Réinventer l’éducation par l’Intelligence Artificielle (IA) n’est pas une idée neuve : sans remonter très loin, un blog américain spécialisé sur l’enseignement supérieur listait déjà en 2012 les 10 révolutions éducatives induites par l’IA. Sauf que la personnalisation de l’enseignement et l’automatisation de la notation étaient encore de l’ordre de la prospective.
Il est temps de penser au présent, alors que le machine learning, l’analyse de données ou les assistants virtuels font leur apparition concrète dans les processus pédagogiques. Aux Etats-Unis, le professeur Ashok Goel a développé un assistant virtuel capable de répondre aux questions des étudiants.

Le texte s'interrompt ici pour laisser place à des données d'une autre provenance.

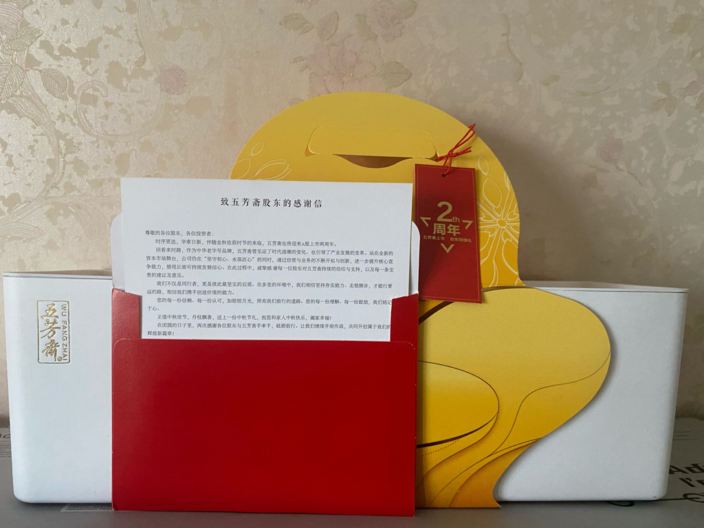 五芳斋发给股东的月饼到了

Son nom : Jill Watson (élémentaire, ou presque !). emlyon business school développe de son côté, dans le cadre d’un partenariat mondial signé avec IBM en janvier 2018, un assistant d’employabilité, fondé sur le Big Data : un futur « GPS des compétences », une plateforme pour anticiper les tendances en matière d’emplois et proposer de nouveaux modèles de formations et d’accompagnements.
On pourrait multiplier les exemples. Ce qui est sûr, c’est que l’IA a déjà trois conséquences : elle modifie à moyen terme les compétences exigées par les entreprises. Elle modifie le contenu des enseignements. Elle bouleverse de plus en plus la manière même d’enseigner.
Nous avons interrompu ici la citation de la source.